Wir traten in die Allee ein. Ein zwischen zwei dicken, wie Watte geballten Wolken durchbrechender Sonnenstrahl lag auf einer Ecke des Herrenhauses im Hintergrund wie ein heller Goldstreifen. In hohen, fröhlichen Tönen krähten die Hähne. Und ein sanfter Wind ließ die feuchtglänzenden Blätter froh erschauern.

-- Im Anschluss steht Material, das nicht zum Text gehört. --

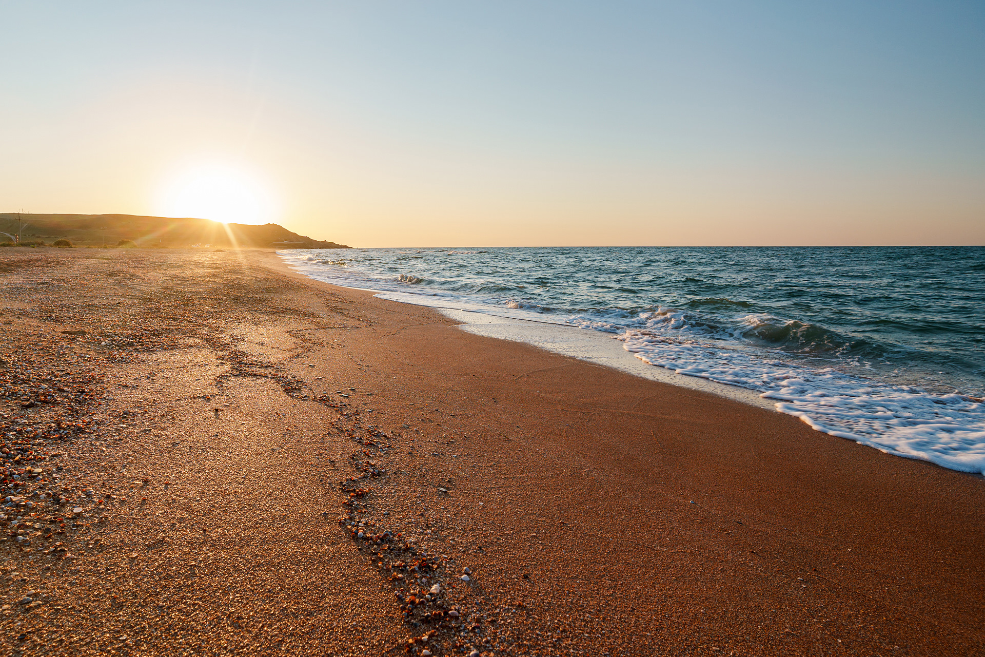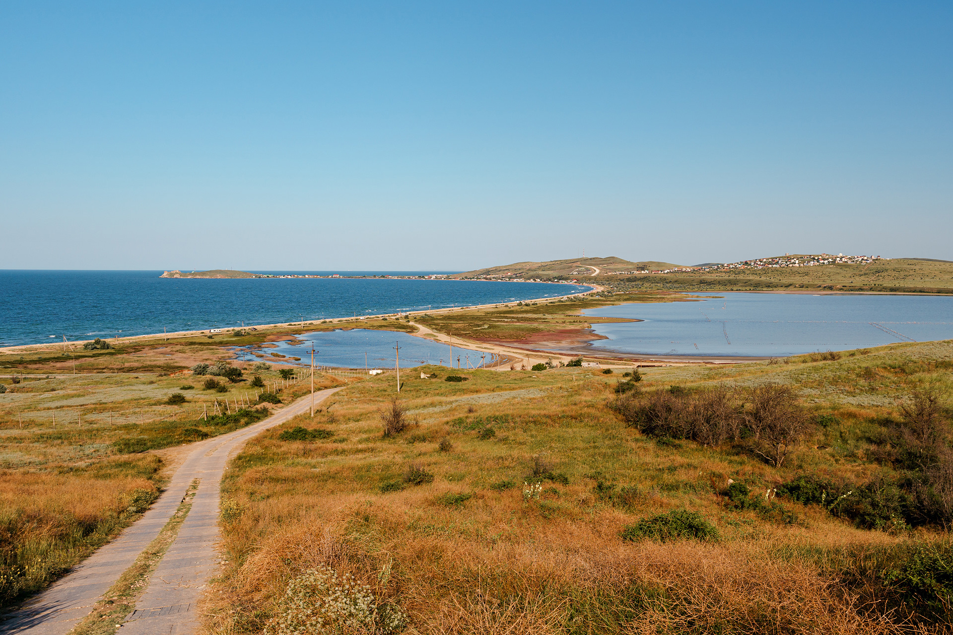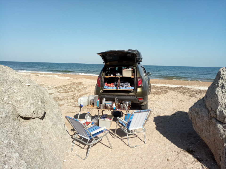Уезжать из кемпинга откровенно не хотелось. Дней пять там можно отдыхать спокойно. Но путешествие подходило к своему закономерному финалу и нужно было ехать поближе к мосту. От плана решили не отклоняться и, проехав насквозь через Караларский природный парк (ака "Генеральские пляжи") от Золотого к Курортному, остановились на пляже бухты Морской пехоты напротив Чокракского озера. Про дорогу по природному парку расскажу в отдельной заметке.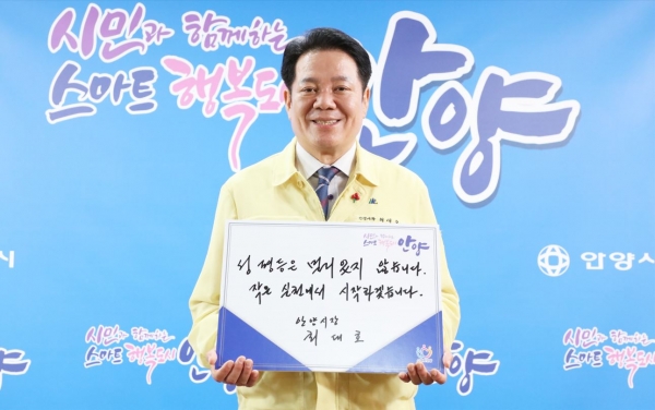 이날 최대호 안양시장과 송재환 부시장, 간부공무원 등 15명은 공직 내 성차별적 관행을 근절하고 성희롱·성폭력에 무관용 방침을 실천할 것을 다짐하며 메시지 작성과 인증 사진을 찍었다.

»Weißt du, was ich dachte, Jacintho? Dir ist die Legende des heiligen Ambrosius widerfahren ... Nein, es war nicht Ambrosius ... Ich weiß nicht, welcher Heilige ... Es war auch gar kein Heiliger ... Es war nur ein sündiger Ritter, der sich in ein Weib verliebt hatte und seine ganze Seele daran setzte, nur um sie von weitem zu sehen. Als er ihr dann eines Tages verzückt folgte, trat sie in eine Kirchentür, und dort schlug sie plötzlich den Schleier zurück, enthüllte ihren Busen und offenbarte dem armen Ritter eine große Wunde, die ihr die Brust zerfleischte! Auch du bist liebestrunken dahingetaumelt, verliebt in die Serra, die du nur in ihrer Sommerschönheit kanntest. Und heute – plautz! – enthüllt sie ihre großen Schwären ... das ist vielleicht deine Vorbereitung auf den ›heiligen Jacintho‹.«

Die Daumen in den Armausschnitten der Weste, blieb er gedankenverloren stehen:

»Das ist wahr! Ich habe die blutende Wunde gesehen! Aber schließlich, Gott sei Dank, die kann ich noch heilen!«

Ich ließ meinem Prinzen das heitere Trugbild. Frohgemut stiegen wir die Steinstufen des Edelsitzes hinauf.